Input for this task:
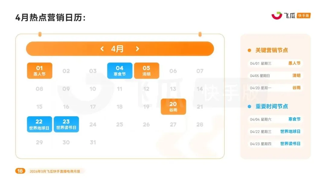 报告预测 4 月将依托清明、谷雨、世界地球日等节点,户外鞋服、生鲜、环保好物、春茶等品类持续热销,踏青、环保、趣味营销将成为核心方向。
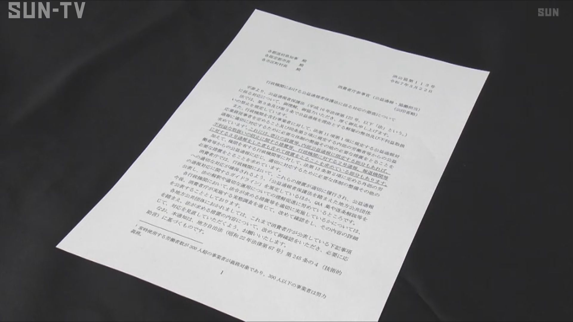 消費者庁は「外部通報も含めて必要な体制整備を求める」とする通知を、全国の自治体などに送っていたことが県への取材で分かりました。
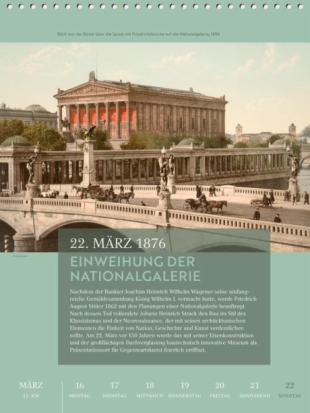 Der beliebte Wandkalender präsentiert Woche für Woche ein Ereignis der Berliner Geschichte in Wort und Bild. Marc Lippuner hat 53 spannende, bewegende und interessante Schlaglichter ausgesucht und die Hintergründe recherchiert. Ein Muss für alle, die sich für die Kultur Berlins interessieren!
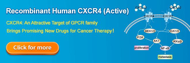 To fully serve pharmaceutical companies in their CXCR4 based drug research for tumors, hematopoietic stem cell mobilization, HIV, autoimmune diseases, etc., CUSABIO has launched CXCR4 active protein product (Code: CSB-MP006254HU(F1)) to help your research on CXCR4 mechanism or its potential clinical applications.
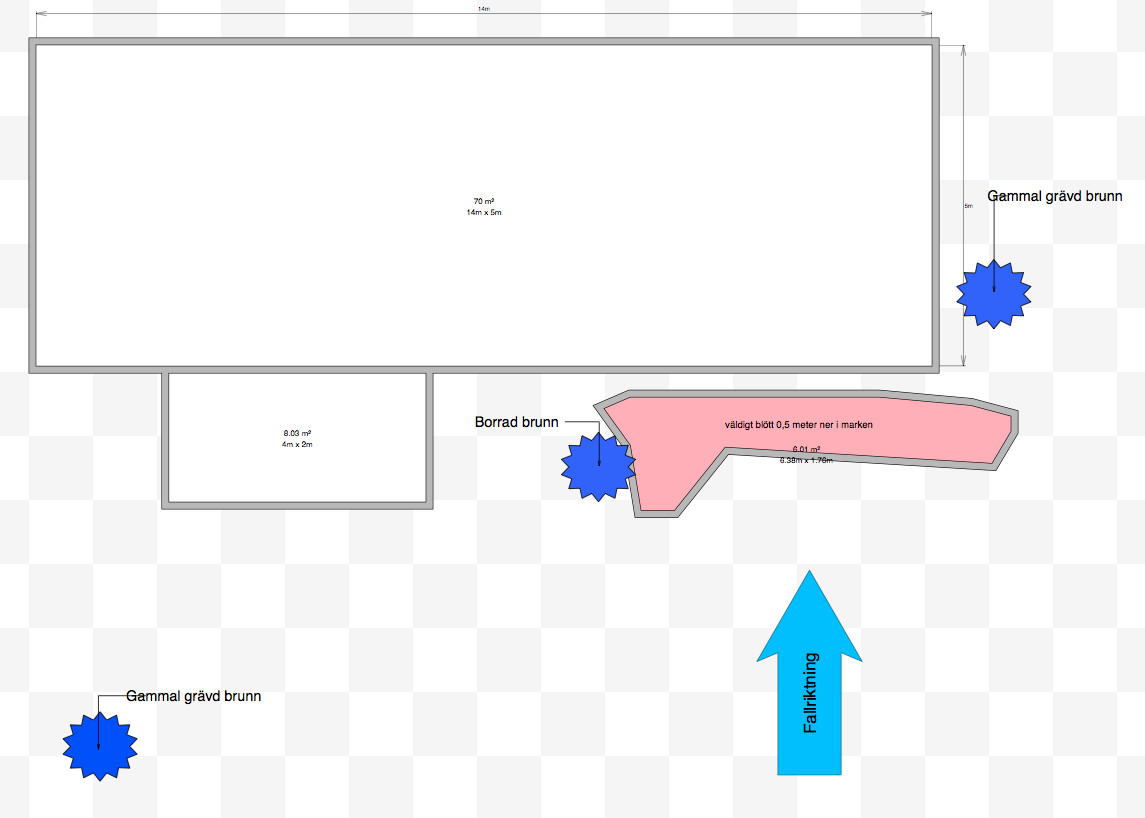 Jag har köpt ett hus från tidigt 1900 tal, timmerstomme och rejäla stenar till grund. Från början har det nog varit en vanlig öppen torpargrund, men av någon anledning så har man vid något tillfälle murat igen grunden, klantat till det och fått hussvamp. Hela bottenplanet är nu utrivet och urgrävt och jag ska i med plast och en avfuktare. Har haft hjälp av Anticimex och han rekommenderade att släta ut marken mot huset på östra sidan där fallet ligger mot huset för att minska att ytvatten skapar mer fukt i grunden. Jag funderar på om jag även borde lägga dränering på den sidan och runt huset på kortsidorna. Fick rådet att i så fall inte lägga det för nära huset då jag skulle kunna få sättningar om marken torkar upp för mycket/för fort. Nu har jag grävt för ny el och upptäckte att det var väldigt fuktigt i marken 1,5 meter ut från huset och 0,5 meter ner (se bild). Jorden blev alldeles mättad på fukt och rena gyttjan. Jordtypen är morän och stenigt som satan. Till det så finns det hela 3 brunnar ganska när huset, ingen används så funderar på att gräva igen dessa, men kanske ger en antydan till att det finns vatten i marken. Kollade i den ena som har lock, den längst till vänster på bilden, och vattnet står 1,5 meter ner (har inte koll på om den står högt, men har ju varit rätt blött den här hösten).
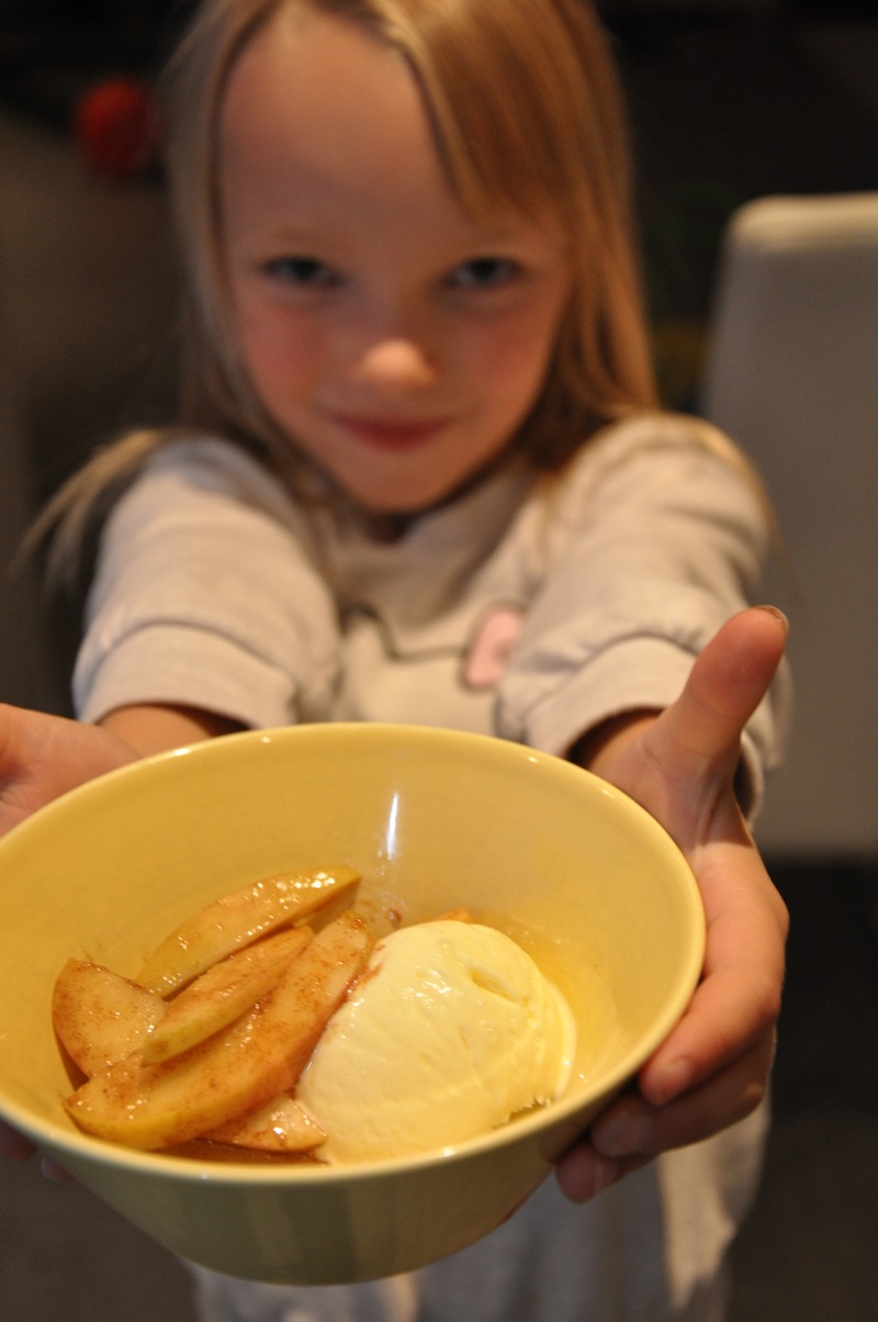 Laita pannulle voita ja kuumenna. Paista omenasiivuja voissa, kunnes omenat hieman pehmenevät. Tarjoa heti vaniljajäätelön kera.
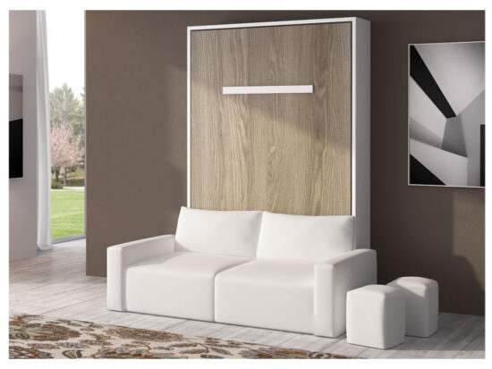 CAMA ABATIBLE CON SOFÁ Y 2 PUFFS.
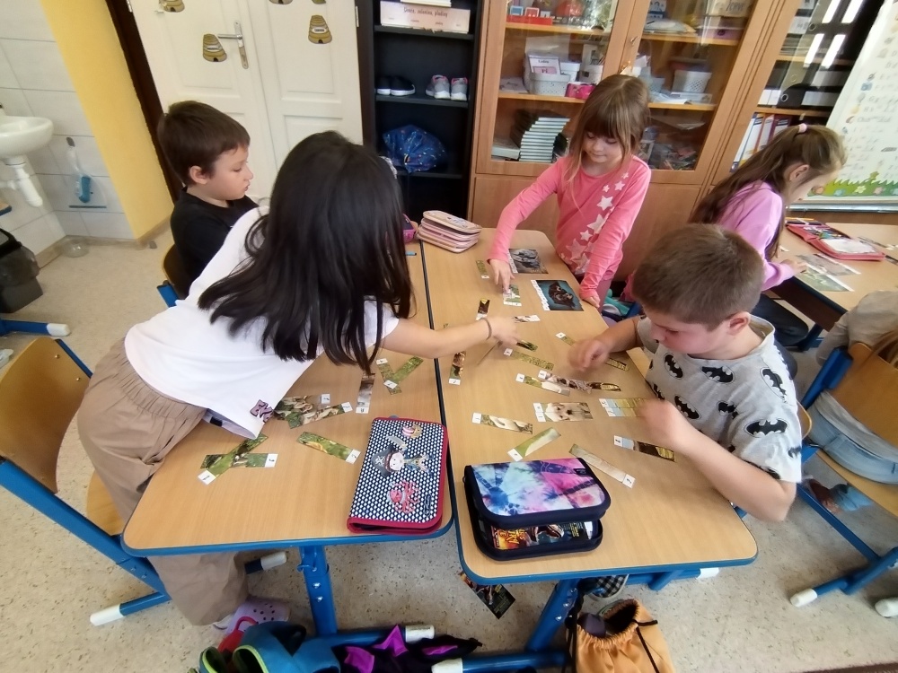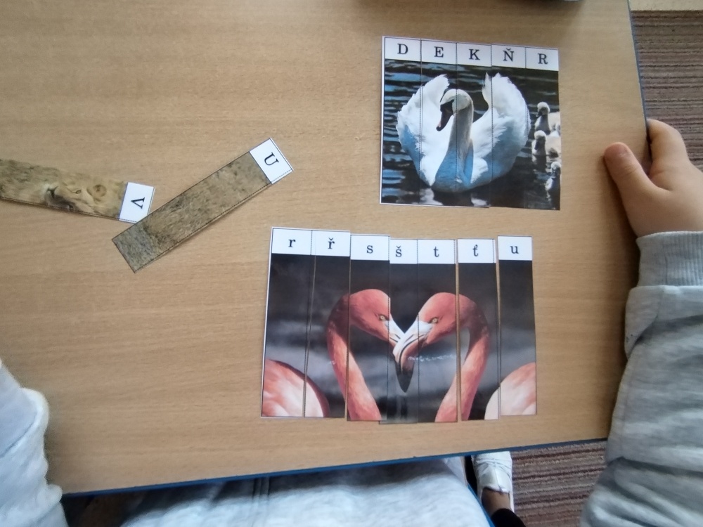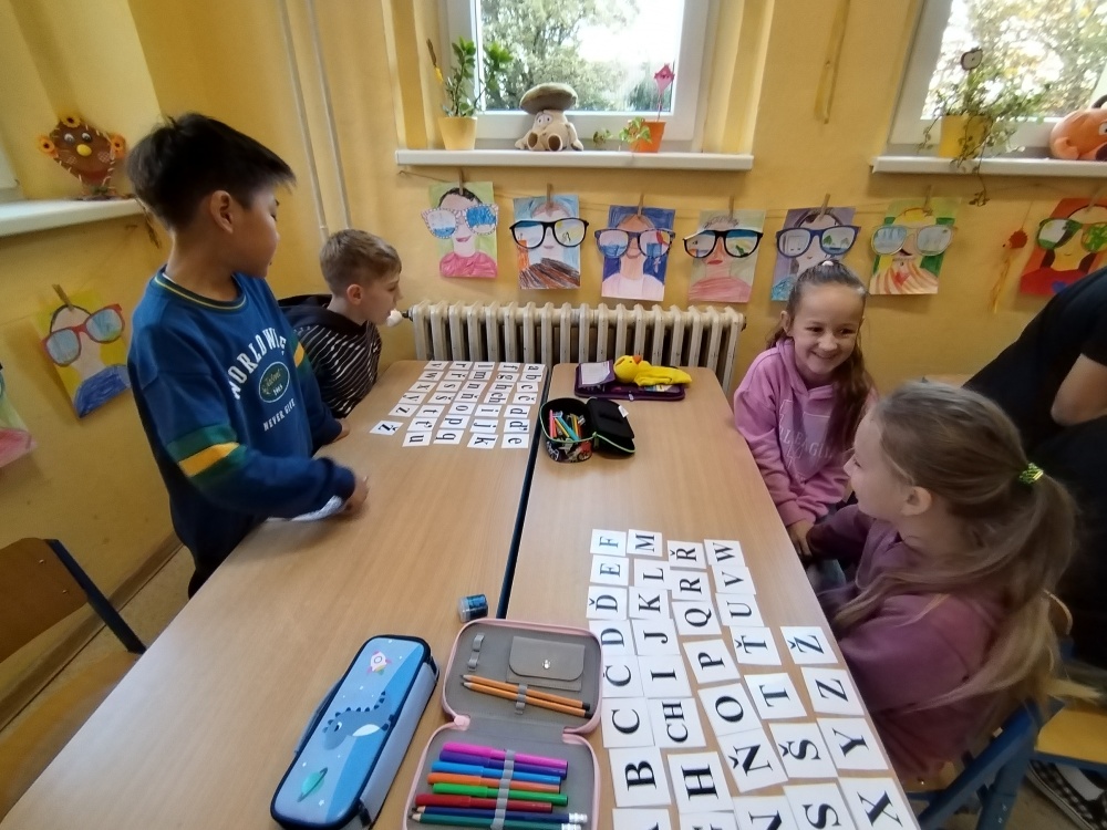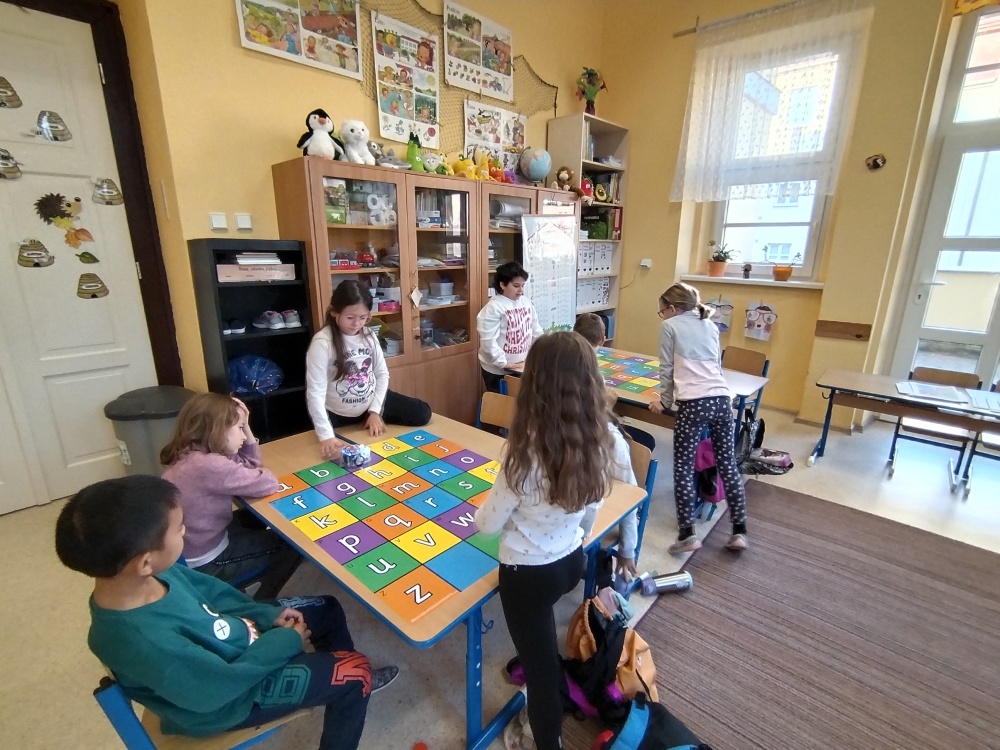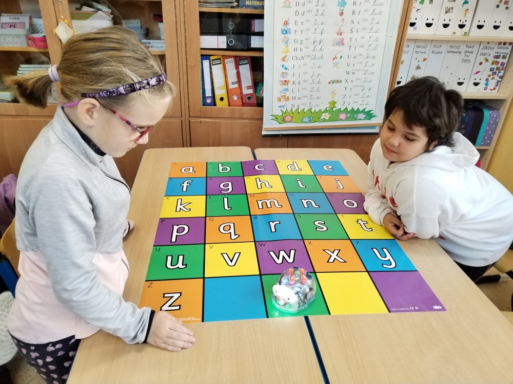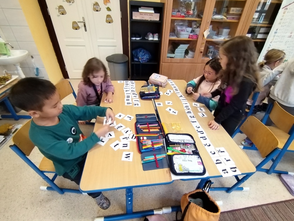 Ve čtvrtek 24. 10. proběhl v naší třídě projektový den, který byl zaměřený na abecedu. Po celou dobu projektové výuky jsme pracovali nejen ve dvojicích, ale i ve skupinách. Žáci řadili písmena ve správném pořadí a také jsme doplňovali chybějící písmena, která jsme zkoušeli psát ve tvarech tiskacích i psacích. Také jsme skládali rozstříhané obrázky zvířat. Pomocí kartiček a obrázků jsme si procvičili řadit podle abecedy i celá slova. Dále jsme si zábavnou formou trénovali logické myšlení a prostorovou orientaci a naprogramovali si směr a trasu do určitého cíle pomocí Blue – Botů. Nakonec jsme výtvarně ztvárnili všechna písmena abecedy. Projektový den jsme si velice užili a už se těšíme na další.

What is needed: The entries above must be restated exactly in the answer, and the pictures left out.

Answer to the problem:
 报告预测 4 月将依托清明、谷雨、世界地球日等节点,户外鞋服、生鲜、环保好物、春茶等品类持续热销,踏青、环保、趣味营销将成为核心方向。
 消費者庁は「外部通報も含めて必要な体制整備を求める」とする通知を、全国の自治体などに送っていたことが県への取材で分かりました。
 Der beliebte Wandkalender präsentiert Woche für Woche ein Ereignis der Berliner Geschichte in Wort und Bild. Marc Lippuner hat 53 spannende, bewegende und interessante Schlaglichter ausgesucht und die Hintergründe recherchiert. Ein Muss für alle, die sich für die Kultur Berlins interessieren!
 To fully serve pharmaceutical companies in their CXCR4 based drug research for tumors, hematopoietic stem cell mobilization, HIV, autoimmune diseases, etc., CUSABIO has launched CXCR4 active protein product (Code: CSB-MP006254HU(F1)) to help your research on CXCR4 mechanism or its potential clinical applications.
 Jag har köpt ett hus från tidigt 1900 tal, timmerstomme och rejäla stenar till grund. Från början har det nog varit en vanlig öppen torpargrund, men av någon anledning så har man vid något tillfälle murat igen grunden, klantat till det och fått hussvamp. Hela bottenplanet är nu utrivet och urgrävt och jag ska i med plast och en avfuktare. Har haft hjälp av Anticimex och han rekommenderade att släta ut marken mot huset på östra sidan där fallet ligger mot huset för att minska att ytvatten skapar mer fukt i grunden. Jag funderar på om jag även borde lägga dränering på den sidan och runt huset på kortsidorna. Fick rådet att i så fall inte lägga det för nära huset då jag skulle kunna få sättningar om marken torkar upp för mycket/för fort. Nu har jag grävt för ny el och upptäckte att det var väldigt fuktigt i marken 1,5 meter ut från huset och 0,5 meter ner (se bild). Jorden blev alldeles mättad på fukt och rena gyttjan. Jordtypen är morän och stenigt som satan. Till det så finns det hela 3 brunnar ganska när huset, ingen används så funderar på att gräva igen dessa, men kanske ger en antydan till att det finns vatten i marken. Kollade i den ena som har lock, den längst till vänster på bilden, och vattnet står 1,5 meter ner (har inte koll på om den står högt, men har ju varit rätt blött den här hösten).
 Laita pannulle voita ja kuumenna. Paista omenasiivuja voissa, kunnes omenat hieman pehmenevät. Tarjoa heti vaniljajäätelön kera.
 CAMA ABATIBLE CON SOFÁ Y 2 PUFFS.
 Ve čtvrtek 24. 10. proběhl v naší třídě projektový den, který byl zaměřený na abecedu. Po celou dobu projektové výuky jsme pracovali nejen ve dvojicích, ale i ve skupinách. Žáci řadili písmena ve správném pořadí a také jsme doplňovali chybějící písmena, která jsme zkoušeli psát ve tvarech tiskacích i psacích. Také jsme skládali rozstříhané obrázky zvířat. Pomocí kartiček a obrázků jsme si procvičili řadit podle abecedy i celá slova. Dále jsme si zábavnou formou trénovali logické myšlení a prostorovou orientaci a naprogramovali si směr a trasu do určitého cíle pomocí Blue – Botů. Nakonec jsme výtvarně ztvárnili všechna písmena abecedy. Projektový den jsme si velice užili a už se těšíme na další.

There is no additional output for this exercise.